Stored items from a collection
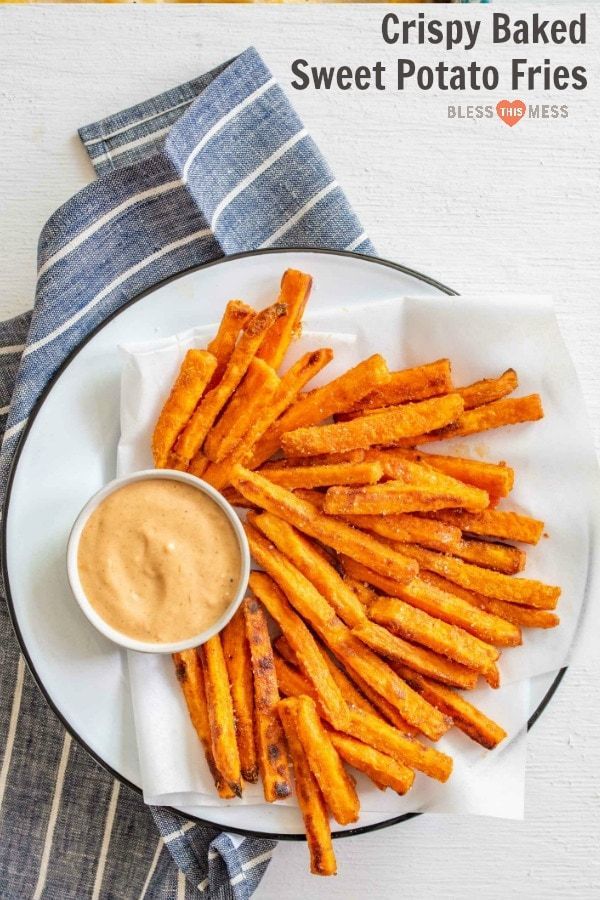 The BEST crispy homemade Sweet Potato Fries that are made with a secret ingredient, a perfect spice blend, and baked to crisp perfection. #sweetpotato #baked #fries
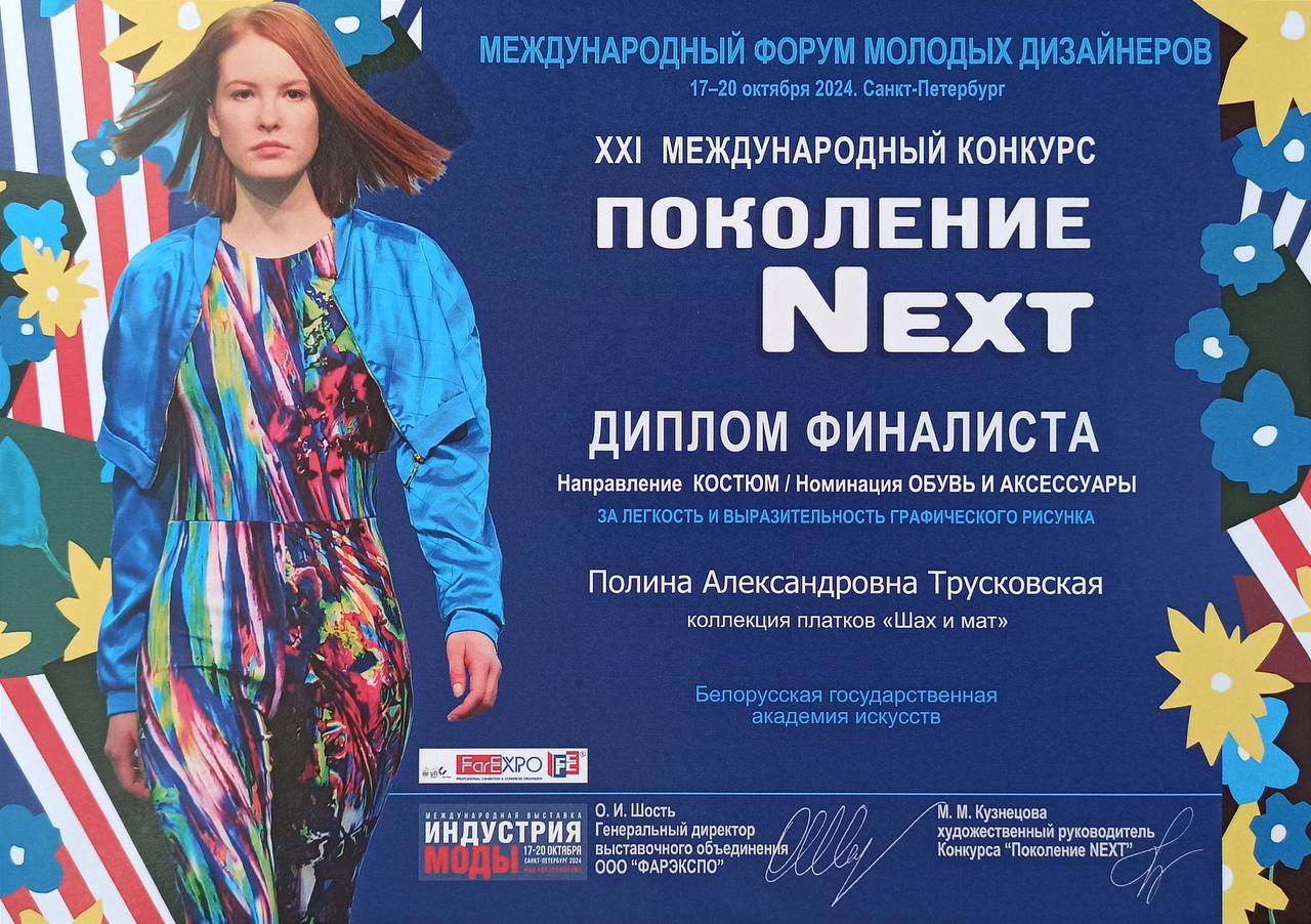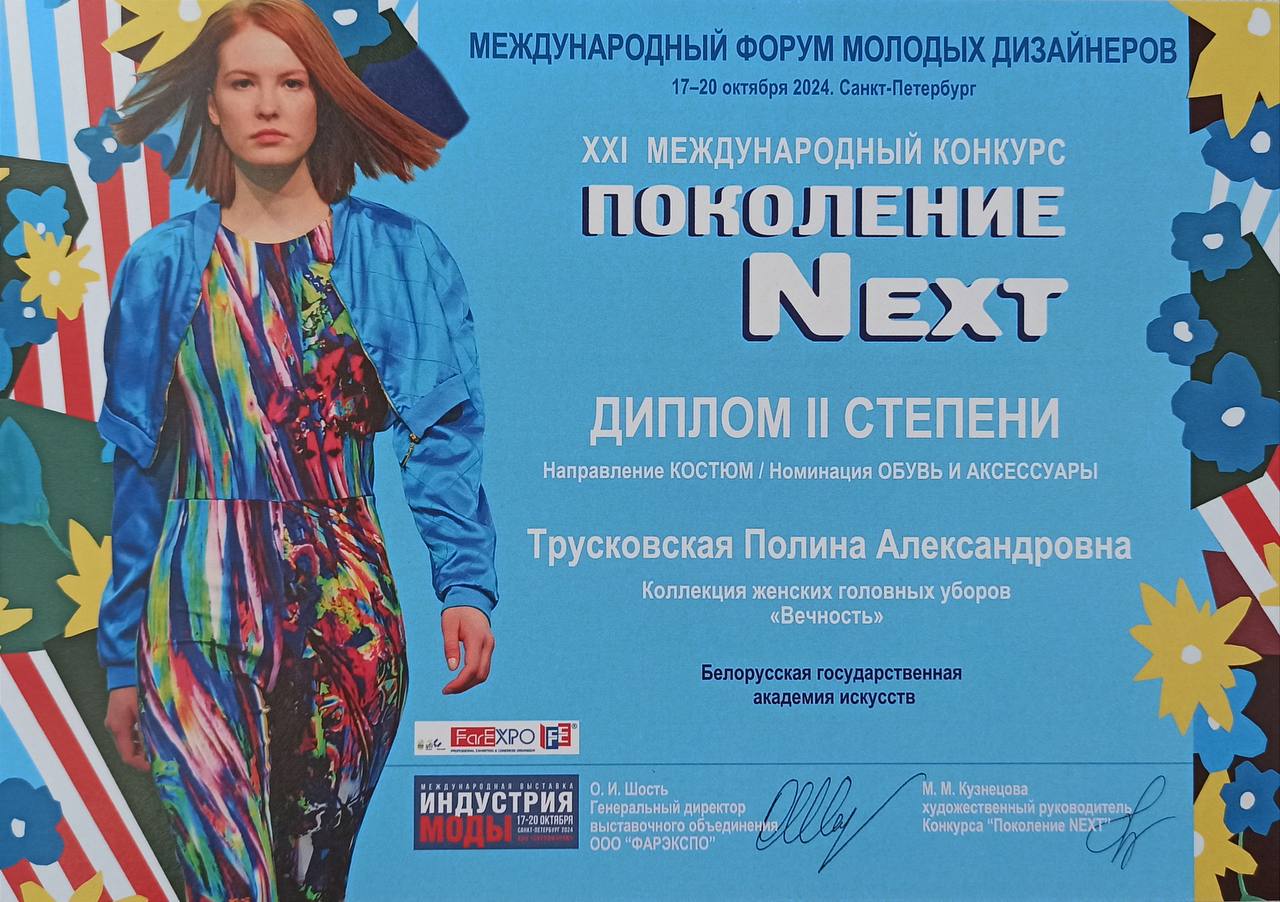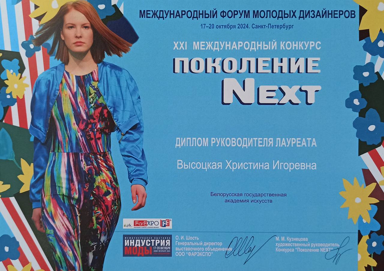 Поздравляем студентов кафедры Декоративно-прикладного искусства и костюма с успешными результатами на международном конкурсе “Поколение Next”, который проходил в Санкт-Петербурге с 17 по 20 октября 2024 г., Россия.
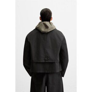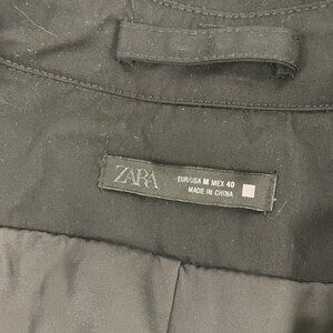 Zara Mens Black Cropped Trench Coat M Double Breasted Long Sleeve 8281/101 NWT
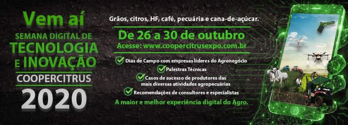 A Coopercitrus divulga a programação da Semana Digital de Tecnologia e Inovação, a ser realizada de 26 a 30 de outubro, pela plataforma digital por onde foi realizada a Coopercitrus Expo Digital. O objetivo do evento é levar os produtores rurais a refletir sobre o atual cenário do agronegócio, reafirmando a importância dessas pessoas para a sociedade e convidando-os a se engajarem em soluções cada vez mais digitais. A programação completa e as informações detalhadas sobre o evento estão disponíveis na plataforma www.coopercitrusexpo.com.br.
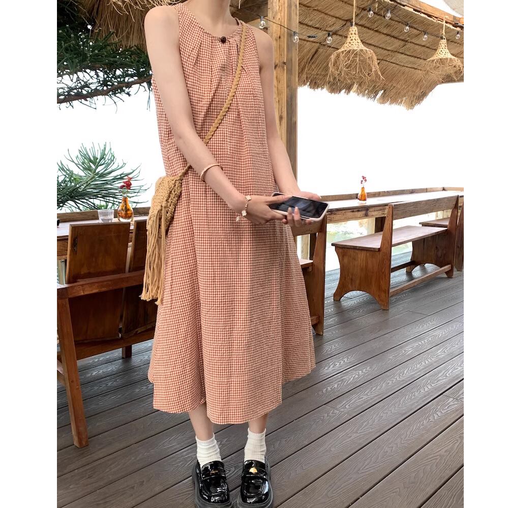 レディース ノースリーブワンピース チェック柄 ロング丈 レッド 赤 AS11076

* WORK INSTRUCTIONS:
The output must be every line of the records, printed exactly, with the pictures omitted.

* TASK SOLUTION:
 The BEST crispy homemade Sweet Potato Fries that are made with a secret ingredient, a perfect spice blend, and baked to crisp perfection. #sweetpotato #baked #fries
 Поздравляем студентов кафедры Декоративно-прикладного искусства и костюма с успешными результатами на международном конкурсе “Поколение Next”, который проходил в Санкт-Петербурге с 17 по 20 октября 2024 г., Россия.
 Zara Mens Black Cropped Trench Coat M Double Breasted Long Sleeve 8281/101 NWT
 A Coopercitrus divulga a programação da Semana Digital de Tecnologia e Inovação, a ser realizada de 26 a 30 de outubro, pela plataforma digital por onde foi realizada a Coopercitrus Expo Digital. O objetivo do evento é levar os produtores rurais a refletir sobre o atual cenário do agronegócio, reafirmando a importância dessas pessoas para a sociedade e convidando-os a se engajarem em soluções cada vez mais digitais. A programação completa e as informações detalhadas sobre o evento estão disponíveis na plataforma www.coopercitrusexpo.com.br.
 レディース ノースリーブワンピース チェック柄 ロング丈 レッド 赤 AS11076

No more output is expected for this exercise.